Der VfB Lünen entthront den Lüner SV

Hallen-Stadtmeisterschaften

Die Altherrenfußballer haben einen neuen Hallen-Stadtmeister. Der VfB Lünen hat sich am Samstag die Krone aufgesetzt. Die Süder bezwangen den Vorjahressieger in einem spannenden Finale.

von Isabell Michalski

Lünen

, 27.01.2019, 20:16 Uhr / Lesedauer: 2 min
Während der VfB Lünen bei den Alten Herren den ersten Platz bejubelte, musste sich der Lüner SV, hier mit Burhan Akgül mit dem zweiten Platz zufriedengeben.

Während der VfB Lünen bei den Alten Herren den ersten Platz bejubelte, musste sich der Lüner SV, hier mit Burhan Akgül mit dem zweiten Platz zufriedengeben. © Günther Goldstein

Der neue Lüner Hallenfußballstadtmeister der Alten Herren hört auf den Namen VfB Lünen. In einem packenden Finale schlug der VfB am Samstag den Vorjahressieger Lüner SV mit 4:3.

Nachdem bereits die Jugend-, Damen- und Herrenteams ihre Stadtmeister gekrönt hatten, fand am vergangenen Wochenende die Stadtmeisterschaft bei den Lüner Ü32-Spielern statt. Zehn Teams gingen an den Start, um die besten Altherren-Fußballer der Stadt zu küren. Der Siegerpokal hatte von der Halle Dammwiese nur einen kurzen Weg ins nah gelegene Vereinsheim des VfB Lünen, der sich in einem spannenden Finale gegen die Vorjahressieger vom Lüner SV mit 4:3 durchsetzte. Platz drei sicherte sich BW Alstedde im Neunmeterschießen gegen den SV Preußen Lünen.

Lüner SV war der Favorit

Jedoch galt vor dem Turnier der Lüner SV als eindeutiger Favorit. Diese Favoritenrolle schrieb sich der LSV nicht nur selbst zu, sondern wurde auch von einigen anderen Vereinen und Zuschauern als eindeutiger Titelaspirant genannt.
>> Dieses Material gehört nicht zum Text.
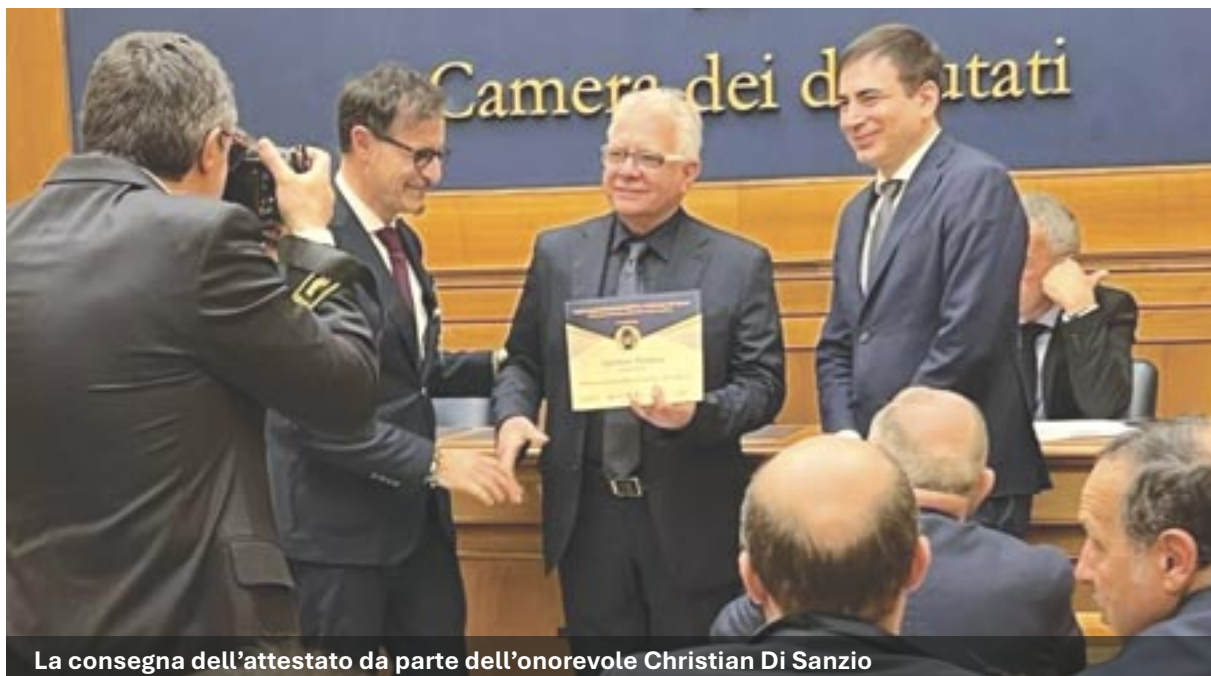
La consegna dell'attestato da parte dell'onorevole Christian Di Sanzio

Branca attraverso i suoi riconoscimenti, racconta l'Italia, le sue eccellenze, la cultura e l'unicità del nostro Paese a 360°, la storia di coloro che contribuiscono a diffonderla oltre confine, l'indiscusso talento italiano ed il bello che ci contraddistingue nel mondo.
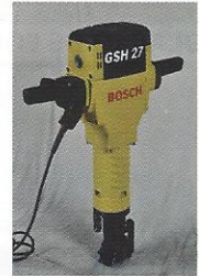
MARTELO DEMOLIDOR 30KG
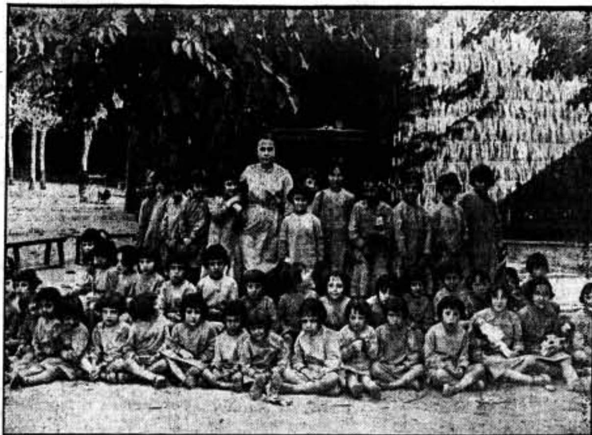
Las niñas que no supieron hasta ahora lo que fué amor de madre

—Las monjas regían esta Casa de Maternidad; las esposadas del Cristo (según decir suyo) habían olvidado por completo las lecciones de Jesús de Galilea, cuando, acusada la mujer adúltera por los sacerdotes de
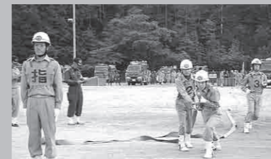
加悦第3分団ポンプ車操法
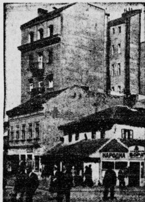
Stari in novi Belgrad. Stare majhne hišice se vedno bolj umikajo mogočnim palačam.
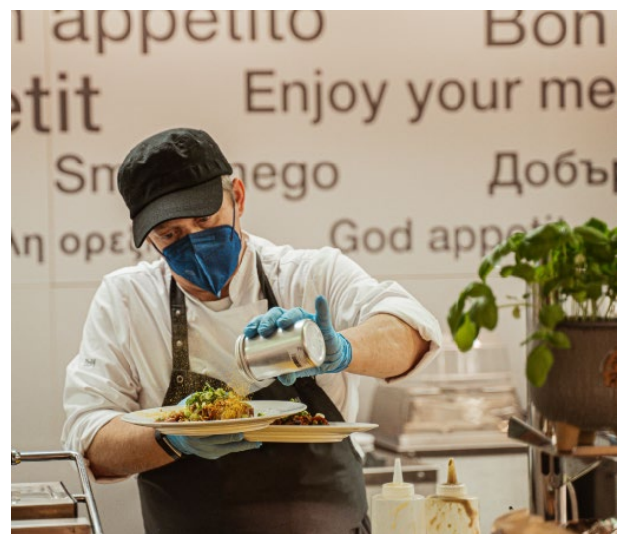
Abbildung 2: DoN Messe Catering
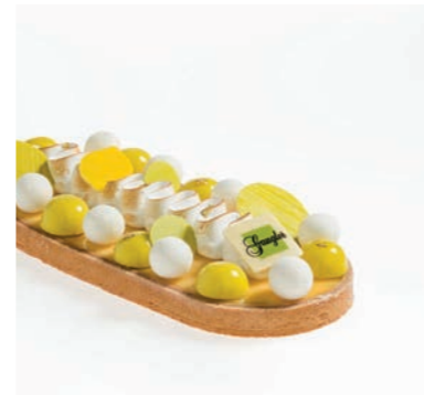
CITRON DE MENTON

biscuit à l'infusion de fèves de Tonka, croustillant spéculos, compotée framboise, crème légère spéculos tailles disponibles : 4, 6, 8 pers. allergènes : oeufs, produits laitiers, fruits à coque, gluten
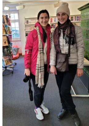
Besuch aus der Ukraine
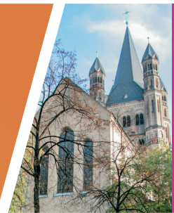
Hot Spot | Groß St. Martin »Ehe, Familie, Lebenswege«

Gemeinsame Sammelaktion: Kolping und die Bürger von Köln spenden gemeinsam 15.000 Paar Schuhe für ein Sozialprojekt
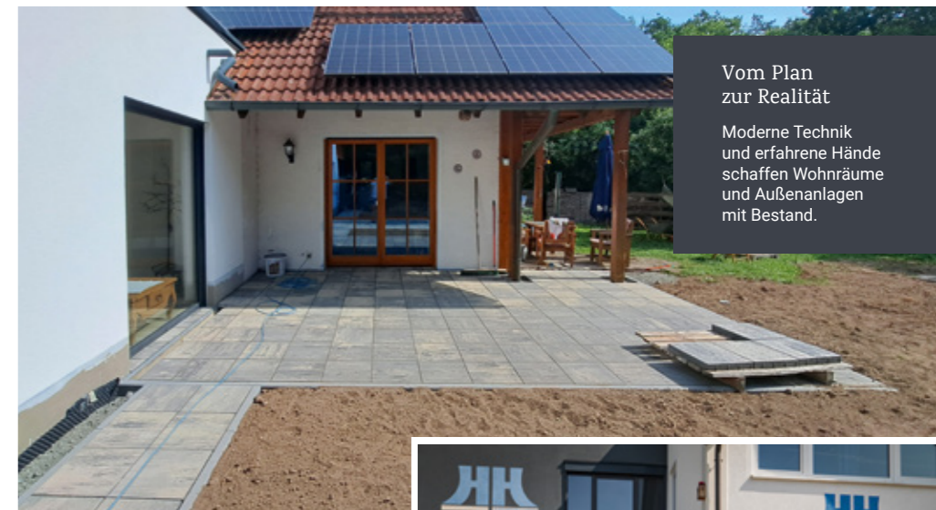
Vom Plan zur Realität

Moderne Technik und erfahrene Hände schaffen Wohnräume und Außenanlagen mit Bestand.
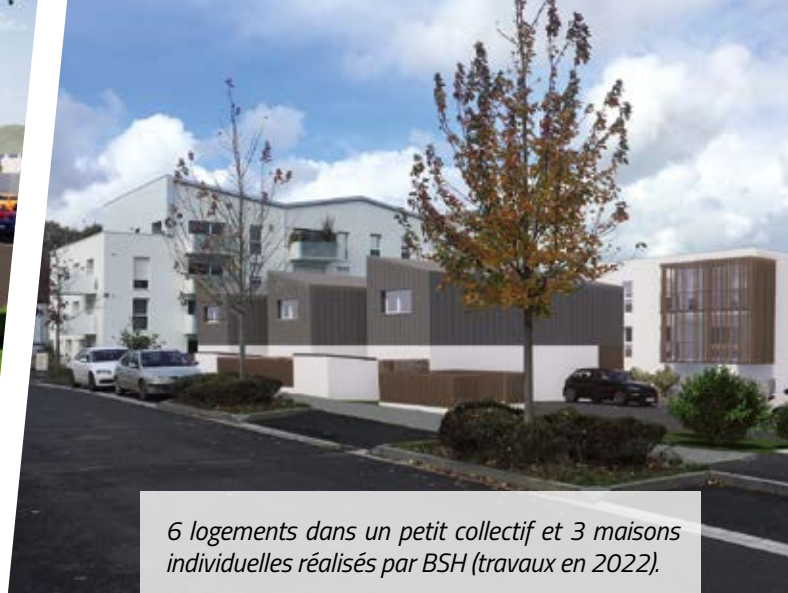
6 logements dans un petit collectif et 3 maisons individuelles réalisés par BSH (travaux en 2022).
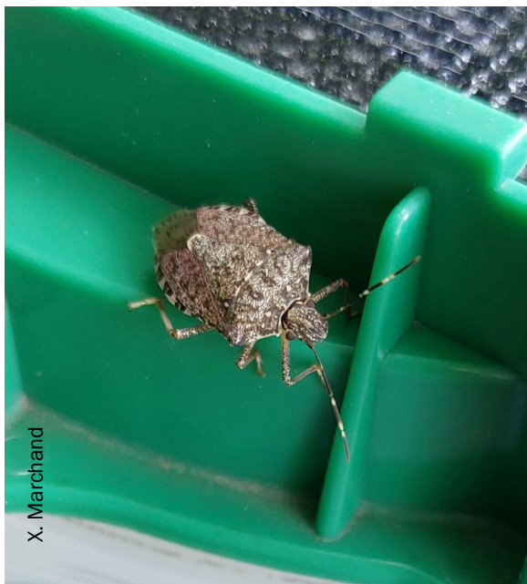
Punaise diabolique adulte (piégée en PDL le 22/09/23)

Si aucun dégâts n'est encore à déplorer en vergers dans les Pays de la Loire, des dégâts conséquents sur fruits sont constatés en Savoie/Haute-Savoie. Ils atteignent 10 % sur pommiers et jusqu'à 85 % sur une parcelle de poiriers !
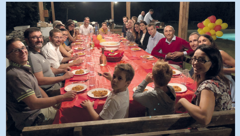
Mediterranea's Staff and their families. (September 2018)
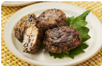
いつもの メニューに 豆類をプラス
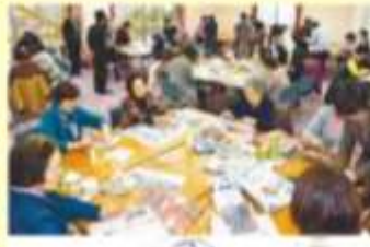
新聞エコバッグ教室
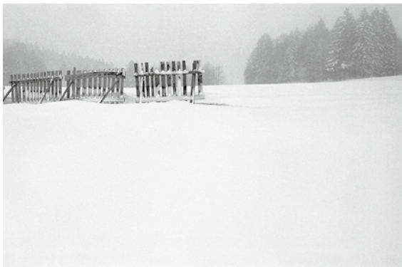
Saint-Ursanne, Foto schwarzweiss, fine art print auf Hahnemühlepapier, 65 x 80 cm

Beat Schertenleib (*1961) ist in Jens aufgewachsen und lebt heute in Zollikofen. Grundausbildung zum Tiefbauzeichner, später Zweitausbildung zum Buchhändler. Vielseitig interessiert, bildete er sich dann am GaF (Gruppe autodidaktischer Fotografen) zum Fotografen aus. Heute ist er als freischaffender Fotograf und bei der Kantonalen Denkmalpflege als Fotograf tätig.
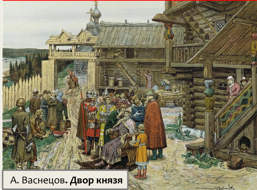
А. Васнецов. Двор князя

Вспомните, какие повинности в пользу феодала несли зависимые крестьяне в Западной Европе?
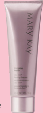
TimeWise Repair® Volu- Firm® Foaming Cleanser
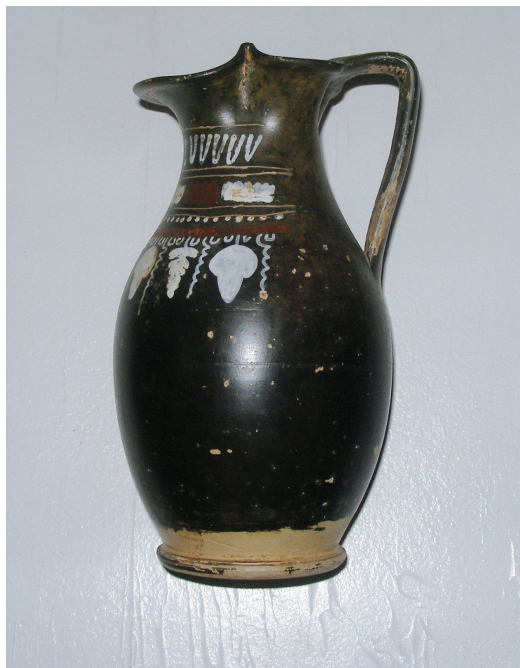
Slika 7: Enohoja Aleksandrijske grupe iz Arheološke zbirke Issa, fotografija: M. Miše.
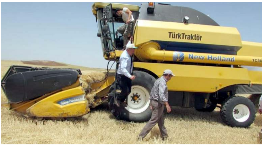
Tarım ve Orman İl Müdürlüğü ekipleri hasat döneminde biçerdöver kontrollerini sürdürüyor.

Dane ve sap kaybının milli bir kayıp olduğunu vurgulayan Orhan Sarı, "Biçerdöver operatörleri dane ve sap kaybını önlemek için tekniğine uygun biçim yapmaları gerekmektedir. Çiftçilerin bir yıllık emeklerinin karşılığını bol bereketli olarak almaya başladığı şu günlerde biçim hataları nedeniyle çiftçinin emeklerinin toprağa gömülmesine müsaade etmeyeceğiz. İlimiz merkezde çiftçilerimiz dane-
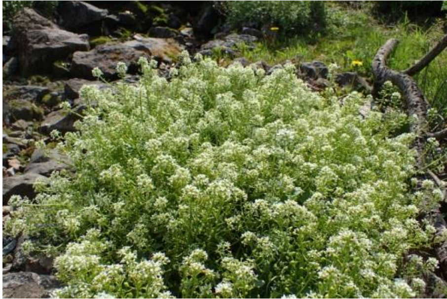
Fot. 4. Cochlearia tatrae w Ogrodzie Botanicznym-CZRB PAN Warszawa-Powisin
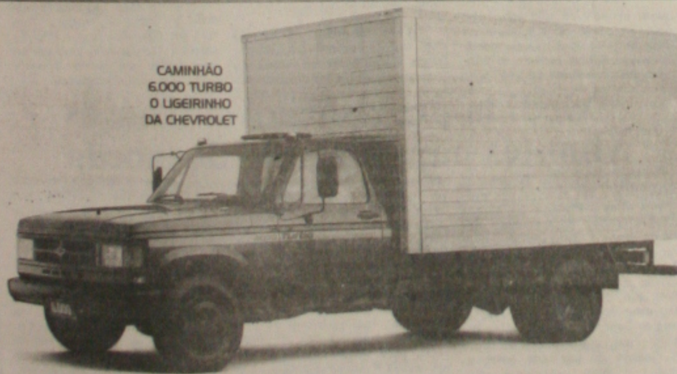
CAMINHÃO 6.000 TURBO O UGEIRINHO DA CHEVROLET
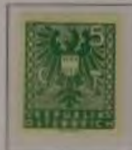
5 (Pf.) Farbe: a. grün
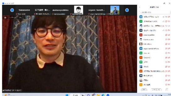
【地域づくりステップアップ講座の様子 1】

地域づくりの実践者がクラウドファンディングに挑戦する際の注意点やコツ、活用事例について紹介していただきました。「クラウドファンディングの成否は金額の大小ではない」「お金が欲しかったらやめた方がいい」等、多くの事例を支援してきた経験ゆえの視点でアドバイスをいただきました。参加者からは「自分の活動ではクラウドファンディングは向いていないと思っていたが、新しいヒントが得られた」「自分たちの活動について講師に相談したい」等の感想が聞かれ、今後の活動に繋がる学びの機会となりました。
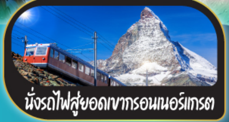
นักรถไฟสู่ยอดเขากรอนนอร์เกรต

พิเศษ!! ขึ้นกระเช้าสู่ยอดเขาอากุยคูมิตี สัมผัสวิวเทือกเขาแอลป์แบบ 360 องศา • หลงรักความคลาสสิกเมือง เบิร์น • ลูเซิร์น เดินซิลฯ ชมสงโต • โลซานน์มีศาลาไทย • แชะภาพกับน้ำพุเจกโด
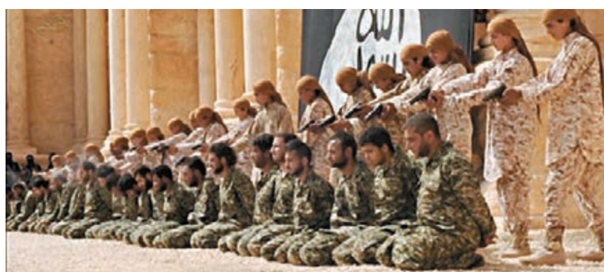
娃娃兵近距離處決25名敘軍士兵。
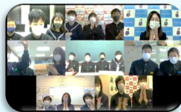
【虹のかけ橋プロジェクト】
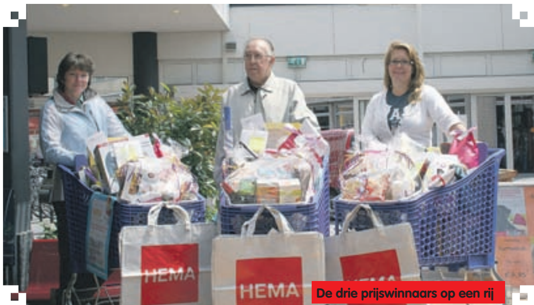
De drie prijswinnaars op een rij
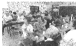
高齢者サロンへの支援
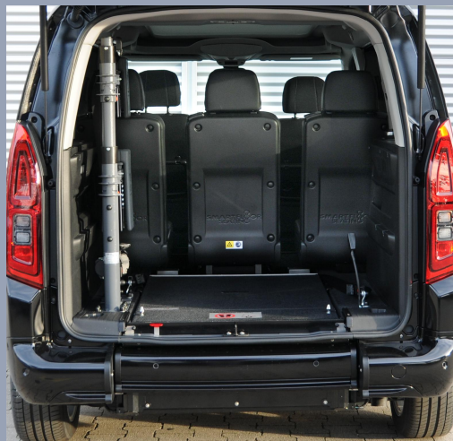
Système Easy-Flex breveté, la rampe se rabat et devient le fond de votre coffre.
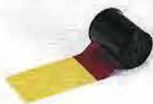
【カラーリボン】 約200画面/巻
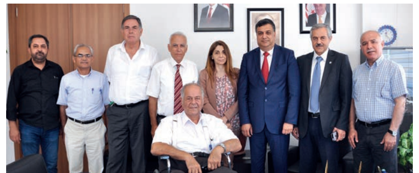
VYK Başkanı ve Üyeleri YÖDAK Başkanı ve Üyeleri ile birlikte
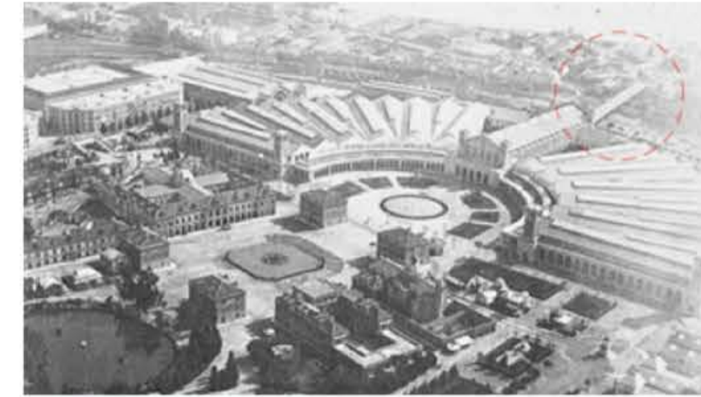
Vista aèria Exposició Universal 1888
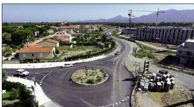
Dernière tranche de l'opération Taxo entre campings des Cèdres et le Pearl ; avenue Nelson Mandela devant le lycée
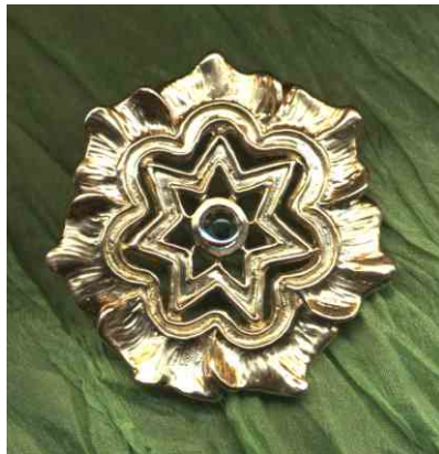
Anhänger Blütenstern siehe bei Florales
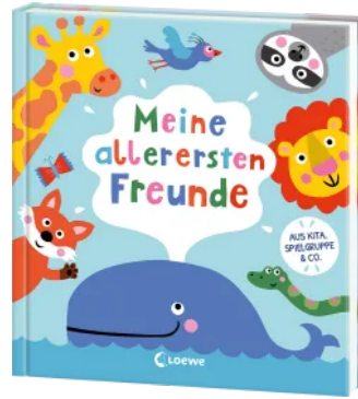
Meine allerersten Freunde Hardcover
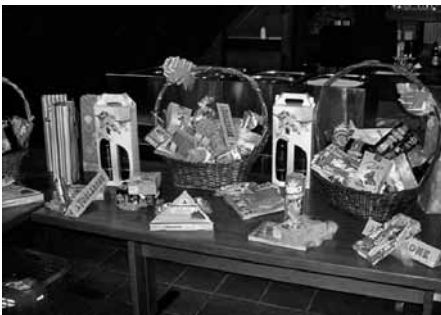
Der Gabentempel – auch 2011 mit dem Prädikat «Weltklasse»!
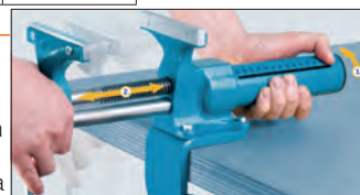
Quicklaunch: per apertura rapida senza leva di manovra
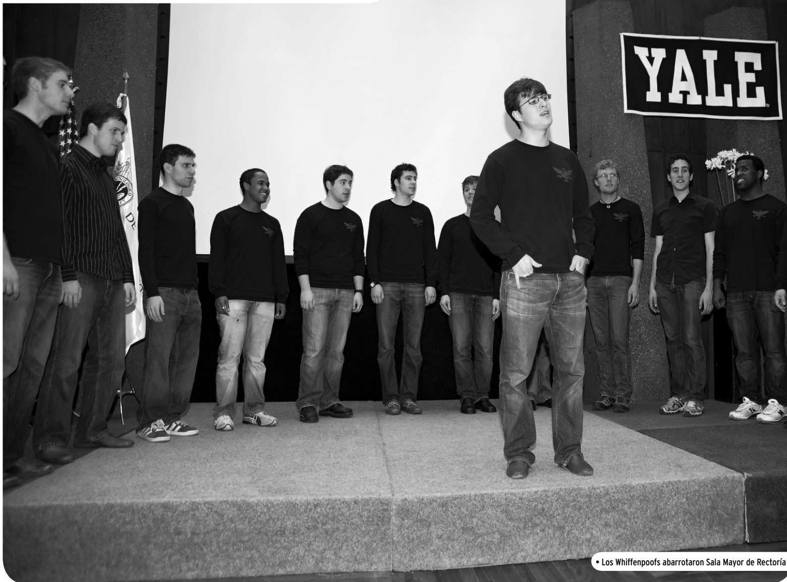
• Los Whiffenpoofs abarrotaron Sala Mayor de Rectoría
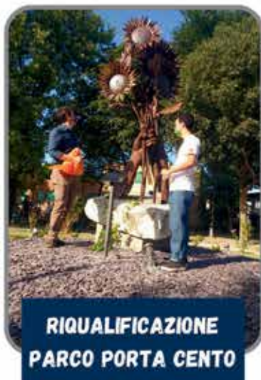
RIQUALIFICAZIONE PARCO PORTA CENTO
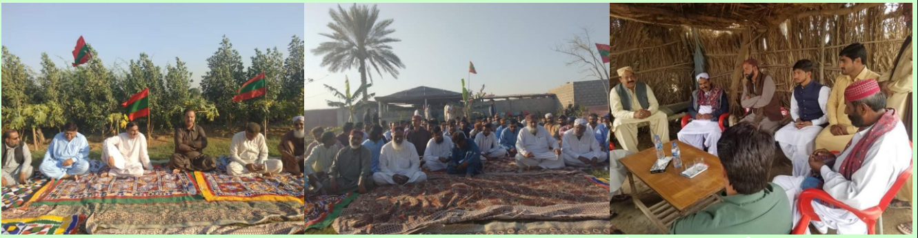
گند جنين جي ڳوٺ ۾ پاپوڙاپوشاڪ انهن جي اوطاق راجاريجهي آيو.
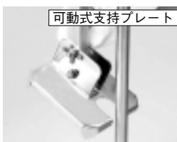
可動式支持プレート

調査地の傾斜に合わせて、支持プレートの角度を調節。傾斜地でも安定した調査が可能。
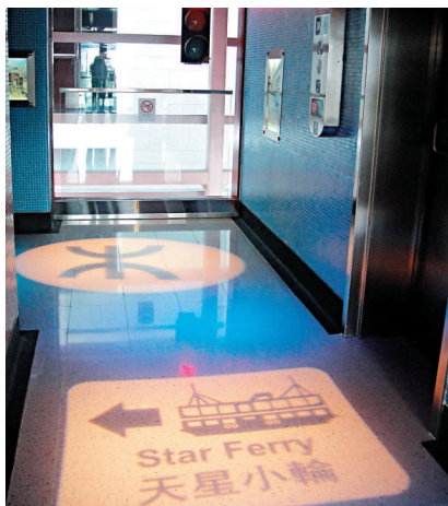
▲館內各式設施使觀眾身臨其境

「展城館」前身為「香港規劃及基建展覽館」，經過翻新及重新規劃，現為高五層、每層面積佔地逾三千平方米的展覽館。展館以不同主題、透過多個展覽區中互動有趣的設施、多段可選播通話、粵語及英語的介紹短片，及置於各處的主題音箱，讓參觀者可以深入了解香港的發展歷史及不同層面的規劃，
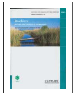
Figure n°73 : Couverture du guide « gestion et suivi des roselières » de RNF

Selon les thèmes abordés, le gestionnaire pourra aussi envisager de communiquer les résultats d'une étude au cours du Forum des gestionnaires organisé chaque année par les réseaux d'espaces naturels, par le biais d'une présentation orale ou d'un poster.

Somit kam es nach einem einseitigen Turnierverlauf zum wenig überraschenden Finale zwischen dem Lüner SV und dem VfB Lünen. Beide Mannschaften zogen ungeschlagen ins Endspiel ein. Besonders der LSV überzeugte mit vier Siegen in der Gruppenphase und stellte zudem sowohl mit Frank Fischer den besten Torwart, als auch mit Dejan Osmanovic (sieben Treffer) den besten Torschützen des Turniers. Doch auch die Süder überzeugten in der Gruppenphase. Aus vier Gruppenspielen gewann der VfB zwei Spiele und trennte sich zweimal mit einem Unentschieden.

Allgemein boten sich den Zuschauern interessante und torreiche Spiele, etwa das 5:0 des Lüner SV zum Auftakt gegen den BV Brambauer oder das 3:3-Remis des VfB Lünen gegen BW Alstedde im Spiel um den Gruppensieg der Gruppe B.

Der Ausrichter TuS Niederaden, obwohl selbst bereits in der Gruppenphase ausgeschieden, erklärte im Vorfeld, dass es in dem Turnier um den Spaß ginge. Dies spiegelte sich auch während der Spiele wider.

Kusserow freut sich

Sascha Kusserow, neuer Sportdirektor beim VfB Lünen, betonte zudem, dass es schön sei, viele alte Weggefährten wiederzutreffen. Er ergänzte allerdings auch deutlich: „Teilweise hat der Ehrgeiz das fußballerische Können überschritten“. Die Hallenserie ist damit beendet.